- Action item -
Retype only the lines below from the one with "二芳基甲烷结构广泛存在于广谱" to the one with "由于近期疫情出现反复,现场采", inclusive, skipping every image.

(Extracted data entries)
───
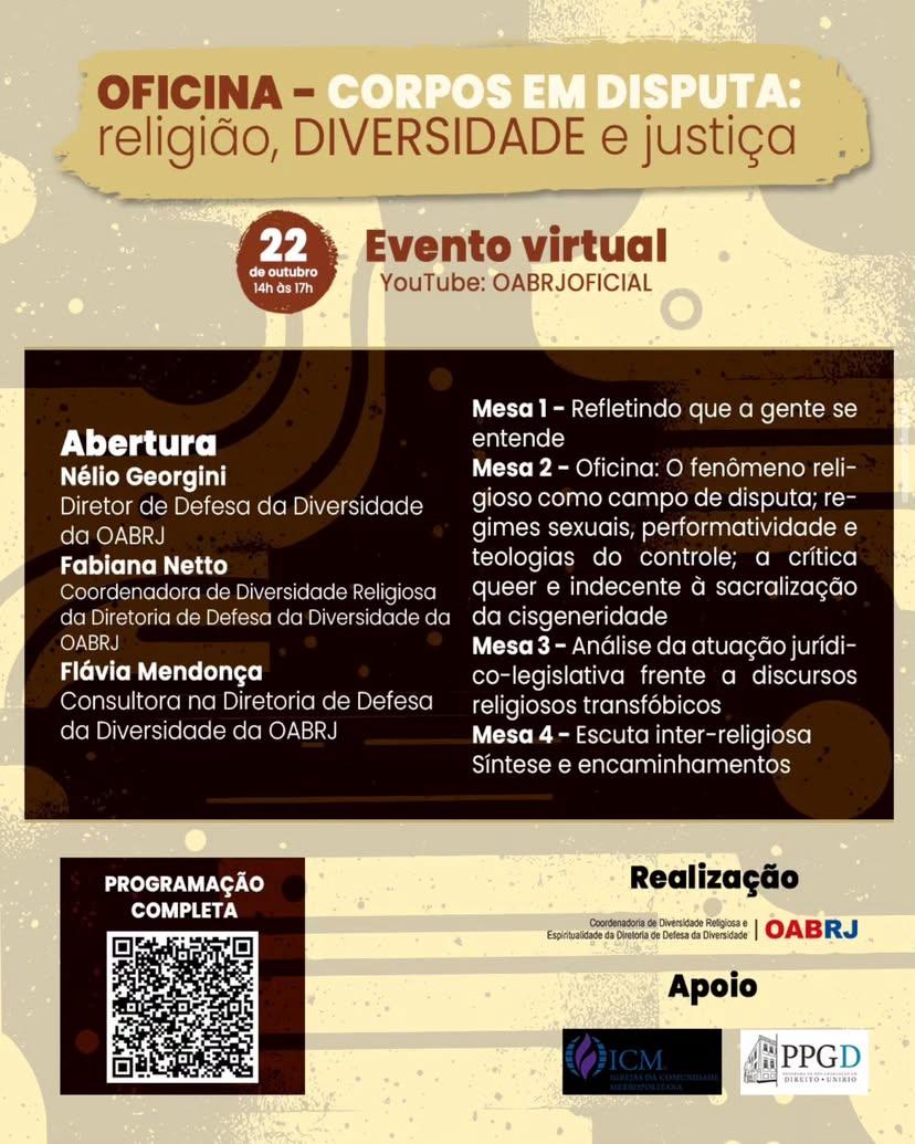 Na próxima quarta-feira, dia 22 de outubro, vamos a Oficina "Corpos em Disputa: religião, DIVERSIDADE e justiça", um evento online com transmissão no YouTube em parceria com a Comissão de Diversidade Religiosa e Espiritualidade da Diretoria de Defesa da Diversidade, com apoio do PPGD/UNIRIO e o ICM.
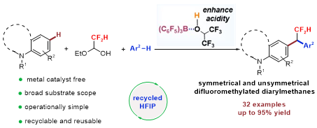 二芳基甲烷结构广泛存在于广谱抗菌剂甲氧苄啶(Trimethoprim, TMP)、抗病毒药物吡曲克辛(piritrexim)、治疗HIV感染的药物埃替拉韦(Elvitegravir)等多种药物分子中,向该结构中引入-CF2H基团受到化学工作者的高度关注。本研究针对以往二氟甲基化二芳基甲烷合成中存在的原子利用率低、反应困难以及需要使用高腐蚀性的强酸作为反应溶剂和活化试剂等问题,开发了基于HFIP–B(C6F5)3加合物协同催化的新反应策略,实现了芳胺骨架对称及非对称二氟甲基化二芳基甲烷的高效合成。该反应策略也适用于三氟甲基化及多氟芳基化二芳基甲烷的合成。反应过程操作简便,副产物仅为水和乙醇,反应溶剂也能够方便地回收再利用,在实现功能含氟化合物的绿色合成方面表现出了明显的优势。
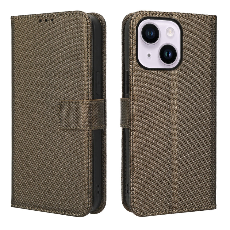 Funda de teléfono iPhone 14 Cuero Textura de Diamante (Marrón)
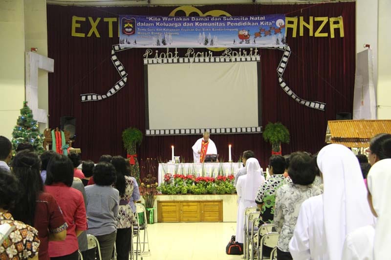 Seluruh rangkaian acara dimulai dengan ekaristi syukur yang dipimpin oleh Rm. A. Satu Manggo Pr. “Kerinduan Tuhan untuk dapat menyapa manusia dengan bahasa manusia membuatNya menjelma menjadi bayi kecil yang lahir di Betlehem. Dia hidup bersama kita, menderita bersama kita, dan bahkan mati seperti kita. Semoga damai dan sukacita natal memampukan kita untuk menyapa orang-orang yang kita layani baik dalam keluarga maupun komunitas” demikian ungkap Rm. Manggo dalam homilinya.
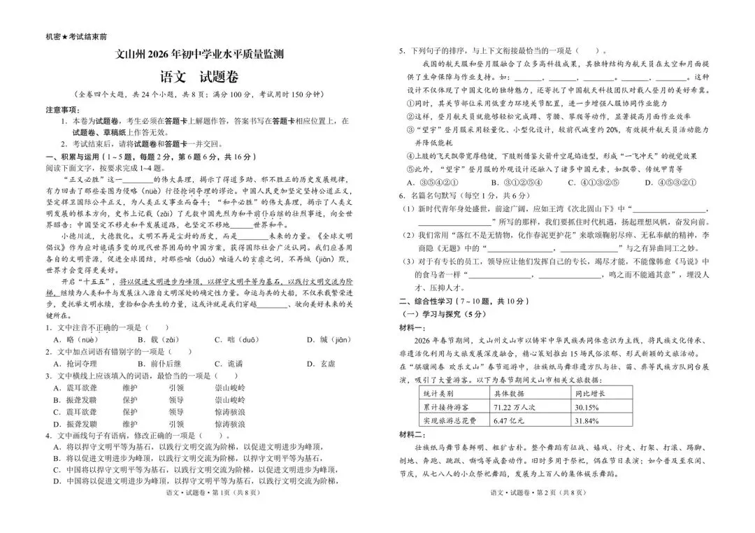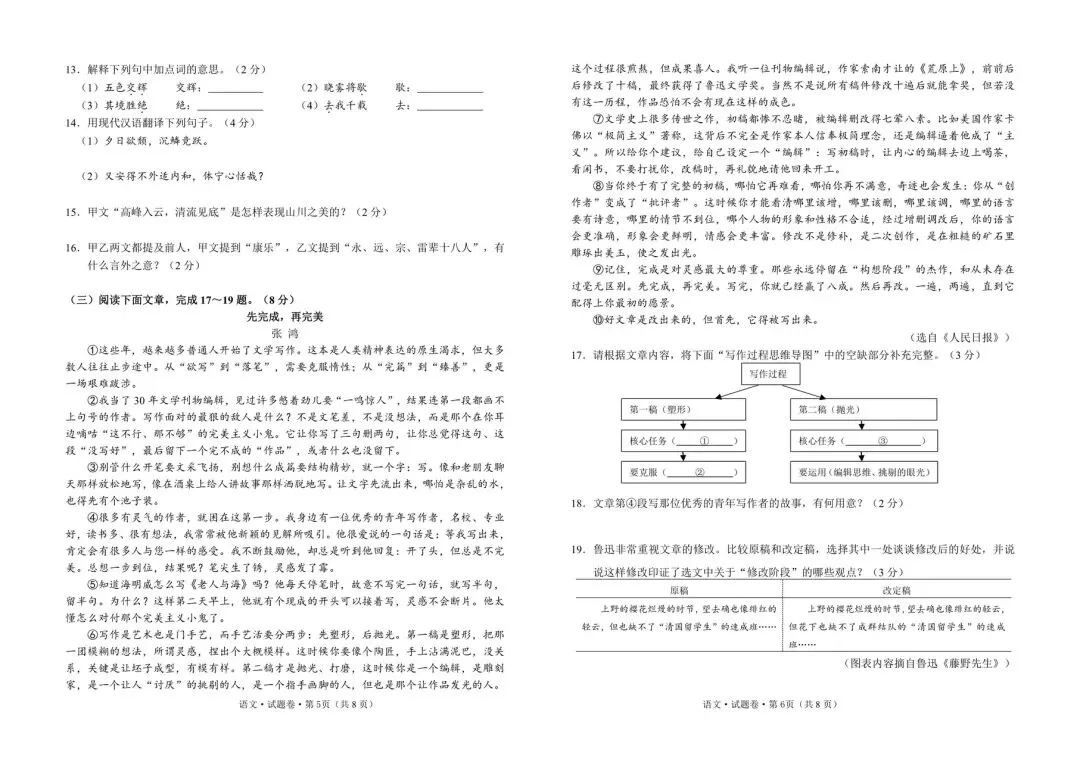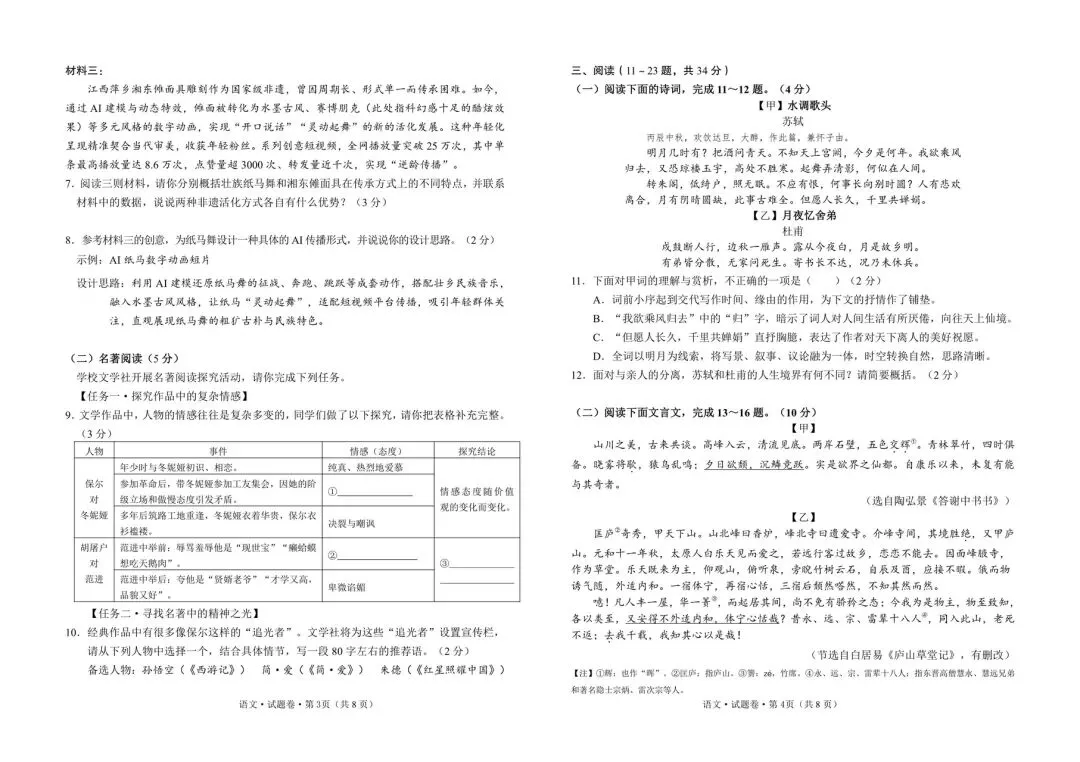2026年初三语文8区二模试卷word版(网盘自行保存)
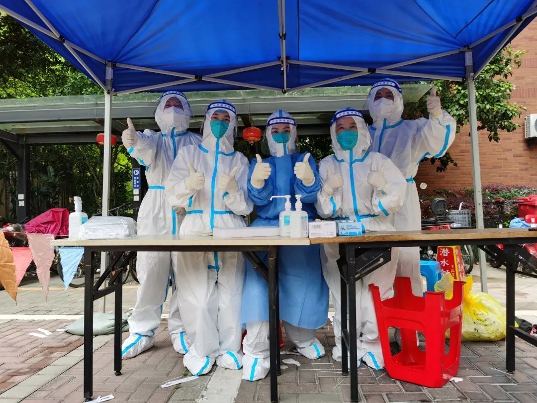 由于近期疫情出现反复,现场采样人员和志愿者也是格外小心细致,不停提醒大家带好口罩、保持2米距离,每次采样前都会做好消毒工作。
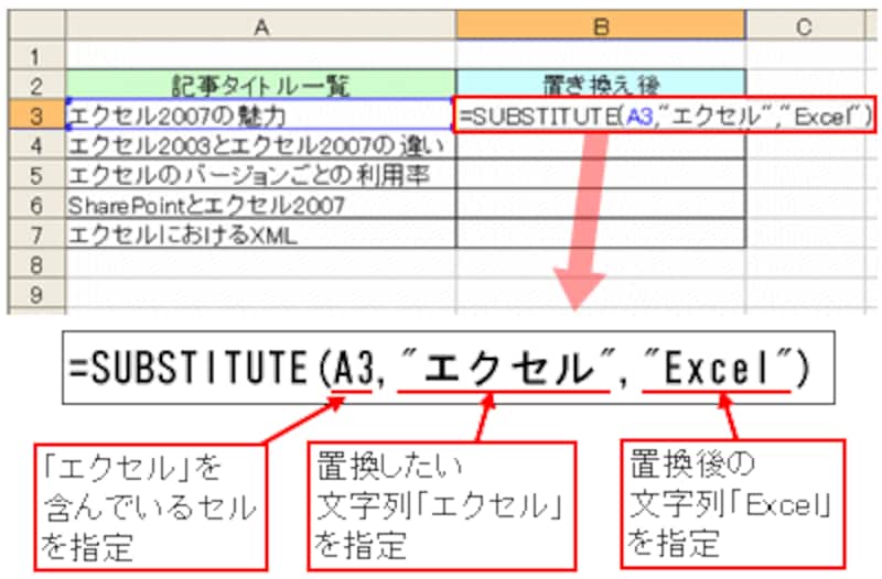 先ほどの例で、「エクセル」を「Excel」に置き換えるには、次のように入力します。
───
- Response to this exercise -
 二芳基甲烷结构广泛存在于广谱抗菌剂甲氧苄啶(Trimethoprim, TMP)、抗病毒药物吡曲克辛(piritrexim)、治疗HIV感染的药物埃替拉韦(Elvitegravir)等多种药物分子中,向该结构中引入-CF2H基团受到化学工作者的高度关注。本研究针对以往二氟甲基化二芳基甲烷合成中存在的原子利用率低、反应困难以及需要使用高腐蚀性的强酸作为反应溶剂和活化试剂等问题,开发了基于HFIP–B(C6F5)3加合物协同催化的新反应策略,实现了芳胺骨架对称及非对称二氟甲基化二芳基甲烷的高效合成。该反应策略也适用于三氟甲基化及多氟芳基化二芳基甲烷的合成。反应过程操作简便,副产物仅为水和乙醇,反应溶剂也能够方便地回收再利用,在实现功能含氟化合物的绿色合成方面表现出了明显的优势。
 Funda de teléfono iPhone 14 Cuero Textura de Diamante (Marrón)
 Seluruh rangkaian acara dimulai dengan ekaristi syukur yang dipimpin oleh Rm. A. Satu Manggo Pr. “Kerinduan Tuhan untuk dapat menyapa manusia dengan bahasa manusia membuatNya menjelma menjadi bayi kecil yang lahir di Betlehem. Dia hidup bersama kita, menderita bersama kita, dan bahkan mati seperti kita. Semoga damai dan sukacita natal memampukan kita untuk menyapa orang-orang yang kita layani baik dalam keluarga maupun komunitas” demikian ungkap Rm. Manggo dalam homilinya.
2026年初三语文8区二模试卷word版(网盘自行保存)
 由于近期疫情出现反复,现场采样人员和志愿者也是格外小心细致,不停提醒大家带好口罩、保持2米距离,每次采样前都会做好消毒工作。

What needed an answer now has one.